- WHAT TO WORK ON
Reproduce the data below word for word, setting aside any picture it holds.

═════ MATERIAL PROVIDED

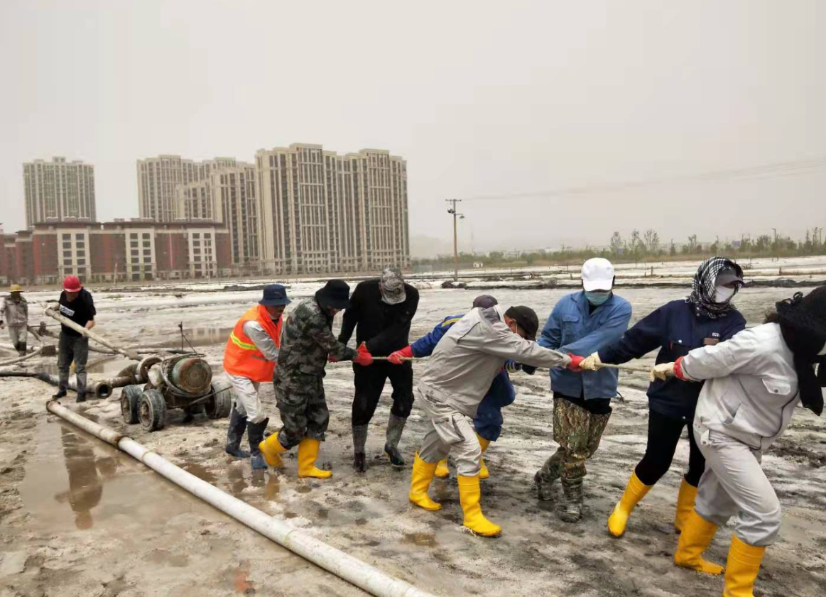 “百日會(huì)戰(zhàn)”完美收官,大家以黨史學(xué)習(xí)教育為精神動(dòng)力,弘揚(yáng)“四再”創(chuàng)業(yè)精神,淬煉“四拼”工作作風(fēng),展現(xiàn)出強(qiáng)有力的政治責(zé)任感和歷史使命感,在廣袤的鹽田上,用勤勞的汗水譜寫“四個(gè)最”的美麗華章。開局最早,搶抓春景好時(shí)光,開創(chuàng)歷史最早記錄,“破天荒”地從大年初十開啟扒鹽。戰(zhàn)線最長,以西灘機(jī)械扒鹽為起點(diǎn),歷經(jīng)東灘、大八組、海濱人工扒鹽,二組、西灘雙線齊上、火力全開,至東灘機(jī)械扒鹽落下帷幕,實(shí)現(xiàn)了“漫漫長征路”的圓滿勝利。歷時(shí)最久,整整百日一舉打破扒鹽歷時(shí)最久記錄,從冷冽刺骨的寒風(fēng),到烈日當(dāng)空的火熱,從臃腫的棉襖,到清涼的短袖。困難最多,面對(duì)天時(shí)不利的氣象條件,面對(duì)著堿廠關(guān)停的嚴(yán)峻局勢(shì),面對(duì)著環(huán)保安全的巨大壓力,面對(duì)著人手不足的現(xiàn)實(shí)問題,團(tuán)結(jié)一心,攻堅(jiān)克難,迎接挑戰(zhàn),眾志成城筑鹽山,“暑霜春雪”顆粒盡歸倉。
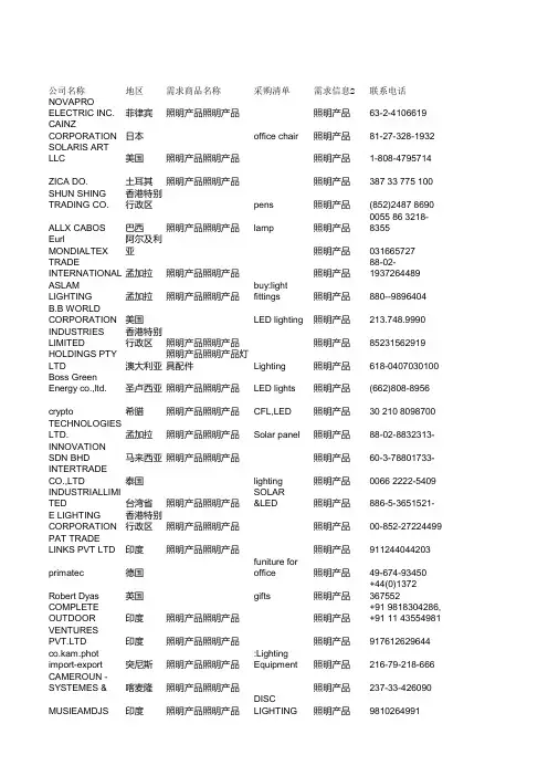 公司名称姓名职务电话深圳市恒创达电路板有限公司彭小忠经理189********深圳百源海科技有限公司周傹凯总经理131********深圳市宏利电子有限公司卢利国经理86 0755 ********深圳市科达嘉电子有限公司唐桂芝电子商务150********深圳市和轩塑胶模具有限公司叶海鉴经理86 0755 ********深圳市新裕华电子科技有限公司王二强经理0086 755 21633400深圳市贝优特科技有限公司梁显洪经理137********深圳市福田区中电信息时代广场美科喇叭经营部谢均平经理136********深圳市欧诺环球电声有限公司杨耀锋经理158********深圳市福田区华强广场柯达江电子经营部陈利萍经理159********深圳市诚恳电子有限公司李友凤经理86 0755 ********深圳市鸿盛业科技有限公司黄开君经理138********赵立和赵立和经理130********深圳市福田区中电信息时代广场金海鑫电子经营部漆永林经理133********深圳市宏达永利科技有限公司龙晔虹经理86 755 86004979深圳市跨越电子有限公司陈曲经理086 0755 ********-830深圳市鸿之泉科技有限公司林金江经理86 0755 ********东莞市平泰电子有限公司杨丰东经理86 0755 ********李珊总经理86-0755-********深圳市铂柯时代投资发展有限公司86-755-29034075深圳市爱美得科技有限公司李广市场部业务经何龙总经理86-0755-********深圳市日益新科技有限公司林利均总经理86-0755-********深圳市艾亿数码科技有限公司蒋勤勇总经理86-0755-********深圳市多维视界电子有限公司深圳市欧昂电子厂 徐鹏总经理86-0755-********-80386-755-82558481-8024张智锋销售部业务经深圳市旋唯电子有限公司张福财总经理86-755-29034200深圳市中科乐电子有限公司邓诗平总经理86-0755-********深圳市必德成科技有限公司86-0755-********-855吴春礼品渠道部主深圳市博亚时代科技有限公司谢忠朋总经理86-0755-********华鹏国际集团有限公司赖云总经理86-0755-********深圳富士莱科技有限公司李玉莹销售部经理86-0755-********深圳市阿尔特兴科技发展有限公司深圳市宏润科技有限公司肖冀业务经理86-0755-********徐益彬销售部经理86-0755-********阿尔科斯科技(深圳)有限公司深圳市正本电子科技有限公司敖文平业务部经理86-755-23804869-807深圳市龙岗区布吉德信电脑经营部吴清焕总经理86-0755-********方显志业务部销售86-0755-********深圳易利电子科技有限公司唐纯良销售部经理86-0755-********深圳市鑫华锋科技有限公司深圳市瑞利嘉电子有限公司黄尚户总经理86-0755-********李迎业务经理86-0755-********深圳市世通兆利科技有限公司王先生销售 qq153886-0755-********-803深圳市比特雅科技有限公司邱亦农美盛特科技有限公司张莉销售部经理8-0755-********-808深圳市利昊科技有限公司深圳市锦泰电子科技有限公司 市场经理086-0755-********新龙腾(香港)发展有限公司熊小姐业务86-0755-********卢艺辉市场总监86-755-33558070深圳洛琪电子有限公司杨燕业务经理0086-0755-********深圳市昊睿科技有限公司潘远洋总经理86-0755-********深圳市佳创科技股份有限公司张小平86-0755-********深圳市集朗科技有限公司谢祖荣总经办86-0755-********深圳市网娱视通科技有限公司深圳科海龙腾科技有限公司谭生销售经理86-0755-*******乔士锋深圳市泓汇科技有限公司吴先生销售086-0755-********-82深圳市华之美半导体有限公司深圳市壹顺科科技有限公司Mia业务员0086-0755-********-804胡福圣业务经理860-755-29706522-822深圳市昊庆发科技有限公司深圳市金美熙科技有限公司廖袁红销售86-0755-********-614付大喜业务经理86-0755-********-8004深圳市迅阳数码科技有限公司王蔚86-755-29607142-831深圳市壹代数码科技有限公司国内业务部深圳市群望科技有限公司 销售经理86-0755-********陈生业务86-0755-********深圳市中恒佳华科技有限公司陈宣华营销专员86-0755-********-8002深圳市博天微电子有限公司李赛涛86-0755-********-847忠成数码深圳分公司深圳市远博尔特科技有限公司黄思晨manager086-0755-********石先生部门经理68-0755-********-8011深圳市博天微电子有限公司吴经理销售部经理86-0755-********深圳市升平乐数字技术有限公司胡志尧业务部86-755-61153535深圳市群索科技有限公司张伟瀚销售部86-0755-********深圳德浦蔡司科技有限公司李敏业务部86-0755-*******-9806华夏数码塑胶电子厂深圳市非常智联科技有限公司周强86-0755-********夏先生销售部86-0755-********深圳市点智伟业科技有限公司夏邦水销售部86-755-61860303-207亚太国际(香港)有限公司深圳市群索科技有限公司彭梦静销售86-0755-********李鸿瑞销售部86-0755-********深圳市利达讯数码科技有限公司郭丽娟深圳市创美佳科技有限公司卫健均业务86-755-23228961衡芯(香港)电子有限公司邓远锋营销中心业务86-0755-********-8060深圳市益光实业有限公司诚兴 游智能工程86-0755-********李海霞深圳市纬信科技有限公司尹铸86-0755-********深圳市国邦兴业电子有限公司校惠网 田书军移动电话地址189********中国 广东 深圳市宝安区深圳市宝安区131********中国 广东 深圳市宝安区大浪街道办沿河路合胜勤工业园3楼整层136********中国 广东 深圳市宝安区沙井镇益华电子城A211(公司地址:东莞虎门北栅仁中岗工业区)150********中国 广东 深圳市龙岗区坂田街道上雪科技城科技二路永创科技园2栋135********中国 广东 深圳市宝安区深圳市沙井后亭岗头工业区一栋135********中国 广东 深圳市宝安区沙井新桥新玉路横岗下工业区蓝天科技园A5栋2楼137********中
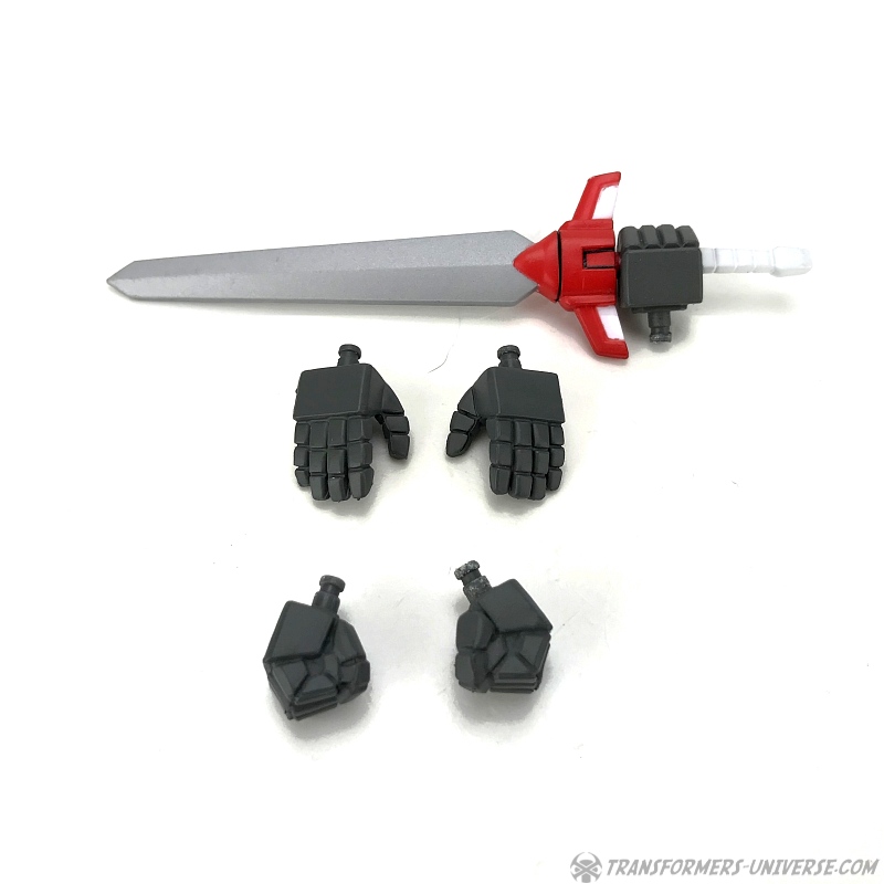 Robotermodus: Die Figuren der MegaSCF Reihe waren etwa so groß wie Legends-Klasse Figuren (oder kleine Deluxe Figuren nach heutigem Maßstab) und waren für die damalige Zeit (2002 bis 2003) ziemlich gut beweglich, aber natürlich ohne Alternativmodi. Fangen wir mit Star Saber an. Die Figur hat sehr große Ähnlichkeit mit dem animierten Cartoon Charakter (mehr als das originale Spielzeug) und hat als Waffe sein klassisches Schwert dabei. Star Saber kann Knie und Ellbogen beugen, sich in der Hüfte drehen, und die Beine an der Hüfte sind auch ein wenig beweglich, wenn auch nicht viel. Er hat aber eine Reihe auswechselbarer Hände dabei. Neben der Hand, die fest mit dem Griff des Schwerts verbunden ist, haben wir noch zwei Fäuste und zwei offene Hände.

══════════

- EXERCISE RESPONSE
 “百日會(huì)戰(zhàn)”完美收官,大家以黨史學(xué)習(xí)教育為精神動(dòng)力,弘揚(yáng)“四再”創(chuàng)業(yè)精神,淬煉“四拼”工作作風(fēng),展現(xiàn)出強(qiáng)有力的政治責(zé)任感和歷史使命感,在廣袤的鹽田上,用勤勞的汗水譜寫“四個(gè)最”的美麗華章。開局最早,搶抓春景好時(shí)光,開創(chuàng)歷史最早記錄,“破天荒”地從大年初十開啟扒鹽。戰(zhàn)線最長,以西灘機(jī)械扒鹽為起點(diǎn),歷經(jīng)東灘、大八組、海濱人工扒鹽,二組、西灘雙線齊上、火力全開,至東灘機(jī)械扒鹽落下帷幕,實(shí)現(xiàn)了“漫漫長征路”的圓滿勝利。歷時(shí)最久,整整百日一舉打破扒鹽歷時(shí)最久記錄,從冷冽刺骨的寒風(fēng),到烈日當(dāng)空的火熱,從臃腫的棉襖,到清涼的短袖。困難最多,面對(duì)天時(shí)不利的氣象條件,面對(duì)著堿廠關(guān)停的嚴(yán)峻局勢(shì),面對(duì)著環(huán)保安全的巨大壓力,面對(duì)著人手不足的現(xiàn)實(shí)問題,團(tuán)結(jié)一心,攻堅(jiān)克難,迎接挑戰(zhàn),眾志成城筑鹽山,“暑霜春雪”顆粒盡歸倉。
 公司名称姓名职务电话深圳市恒创达电路板有限公司彭小忠经理189********深圳百源海科技有限公司周傹凯总经理131********深圳市宏利电子有限公司卢利国经理86 0755 ********深圳市科达嘉电子有限公司唐桂芝电子商务150********深圳市和轩塑胶模具有限公司叶海鉴经理86 0755 ********深圳市新裕华电子科技有限公司王二强经理0086 755 21633400深圳市贝优特科技有限公司梁显洪经理137********深圳市福田区中电信息时代广场美科喇叭经营部谢均平经理136********深圳市欧诺环球电声有限公司杨耀锋经理158********深圳市福田区华强广场柯达江电子经营部陈利萍经理159********深圳市诚恳电子有限公司李友凤经理86 0755 ********深圳市鸿盛业科技有限公司黄开君经理138********赵立和赵立和经理130********深圳市福田区中电信息时代广场金海鑫电子经营部漆永林经理133********深圳市宏达永利科技有限公司龙晔虹经理86 755 86004979深圳市跨越电子有限公司陈曲经理086 0755 ********-830深圳市鸿之泉科技有限公司林金江经理86 0755 ********东莞市平泰电子有限公司杨丰东经理86 0755 ********李珊总经理86-0755-********深圳市铂柯时代投资发展有限公司86-755-29034075深圳市爱美得科技有限公司李广市场部业务经何龙总经理86-0755-********深圳市日益新科技有限公司林利均总经理86-0755-********深圳市艾亿数码科技有限公司蒋勤勇总经理86-0755-********深圳市多维视界电子有限公司深圳市欧昂电子厂 徐鹏总经理86-0755-********-80386-755-82558481-8024张智锋销售部业务经深圳市旋唯电子有限公司张福财总经理86-755-29034200深圳市中科乐电子有限公司邓诗平总经理86-0755-********深圳市必德成科技有限公司86-0755-********-855吴春礼品渠道部主深圳市博亚时代科技有限公司谢忠朋总经理86-0755-********华鹏国际集团有限公司赖云总经理86-0755-********深圳富士莱科技有限公司李玉莹销售部经理86-0755-********深圳市阿尔特兴科技发展有限公司深圳市宏润科技有限公司肖冀业务经理86-0755-********徐益彬销售部经理86-0755-********阿尔科斯科技(深圳)有限公司深圳市正本电子科技有限公司敖文平业务部经理86-755-23804869-807深圳市龙岗区布吉德信电脑经营部吴清焕总经理86-0755-********方显志业务部销售86-0755-********深圳易利电子科技有限公司唐纯良销售部经理86-0755-********深圳市鑫华锋科技有限公司深圳市瑞利嘉电子有限公司黄尚户总经理86-0755-********李迎业务经理86-0755-********深圳市世通兆利科技有限公司王先生销售 qq153886-0755-********-803深圳市比特雅科技有限公司邱亦农美盛特科技有限公司张莉销售部经理8-0755-********-808深圳市利昊科技有限公司深圳市锦泰电子科技有限公司 市场经理086-0755-********新龙腾(香港)发展有限公司熊小姐业务86-0755-********卢艺辉市场总监86-755-33558070深圳洛琪电子有限公司杨燕业务经理0086-0755-********深圳市昊睿科技有限公司潘远洋总经理86-0755-********深圳市佳创科技股份有限公司张小平86-0755-********深圳市集朗科技有限公司谢祖荣总经办86-0755-********深圳市网娱视通科技有限公司深圳科海龙腾科技有限公司谭生销售经理86-0755-*******乔士锋深圳市泓汇科技有限公司吴先生销售086-0755-********-82深圳市华之美半导体有限公司深圳市壹顺科科技有限公司Mia业务员0086-0755-********-804胡福圣业务经理860-755-29706522-822深圳市昊庆发科技有限公司深圳市金美熙科技有限公司廖袁红销售86-0755-********-614付大喜业务经理86-0755-********-8004深圳市迅阳数码科技有限公司王蔚86-755-29607142-831深圳市壹代数码科技有限公司国内业务部深圳市群望科技有限公司 销售经理86-0755-********陈生业务86-0755-********深圳市中恒佳华科技有限公司陈宣华营销专员86-0755-********-8002深圳市博天微电子有限公司李赛涛86-0755-********-847忠成数码深圳分公司深圳市远博尔特科技有限公司黄思晨manager086-0755-********石先生部门经理68-0755-********-8011深圳市博天微电子有限公司吴经理销售部经理86-0755-********深圳市升平乐数字技术有限公司胡志尧业务部86-755-61153535深圳市群索科技有限公司张伟瀚销售部86-0755-********深圳德浦蔡司科技有限公司李敏业务部86-0755-*******-9806华夏数码塑胶电子厂深圳市非常智联科技有限公司周强86-0755-********夏先生销售部86-0755-********深圳市点智伟业科技有限公司夏邦水销售部86-755-61860303-207亚太国际(香港)有限公司深圳市群索科技有限公司彭梦静销售86-0755-********李鸿瑞销售部86-0755-********深圳市利达讯数码科技有限公司郭丽娟深圳市创美佳科技有限公司卫健均业务86-755-23228961衡芯(香港)电子有限公司邓远锋营销中心业务86-0755-********-8060深圳市益光实业有限公司诚兴 游智能工程86-0755-********李海霞深圳市纬信科技有限公司尹铸86-0755-********深圳市国邦兴业电子有限公司校惠网 田书军移动电话地址189********中国 广东 深圳市宝安区深圳市宝安区131********中国 广东 深圳市宝安区大浪街道办沿河路合胜勤工业园3楼整层136********中国 广东 深圳市宝安区沙井镇益华电子城A211(公司地址:东莞虎门北栅仁中岗工业区)150********中国 广东 深圳市龙岗区坂田街道上雪科技城科技二路永创科技园2栋135********中国 广东 深圳市宝安区深圳市沙井后亭岗头工业区一栋135********中国 广东 深圳市宝安区沙井新桥新玉路横岗下工业区蓝天科技园A5栋2楼137********中
 Robotermodus: Die Figuren der MegaSCF Reihe waren etwa so groß wie Legends-Klasse Figuren (oder kleine Deluxe Figuren nach heutigem Maßstab) und waren für die damalige Zeit (2002 bis 2003) ziemlich gut beweglich, aber natürlich ohne Alternativmodi. Fangen wir mit Star Saber an. Die Figur hat sehr große Ähnlichkeit mit dem animierten Cartoon Charakter (mehr als das originale Spielzeug) und hat als Waffe sein klassisches Schwert dabei. Star Saber kann Knie und Ellbogen beugen, sich in der Hüfte drehen, und die Beine an der Hüfte sind auch ein wenig beweglich, wenn auch nicht viel. Er hat aber eine Reihe auswechselbarer Hände dabei. Neben der Hand, die fest mit dem Griff des Schwerts verbunden ist, haben wir noch zwei Fäuste und zwei offene Hände.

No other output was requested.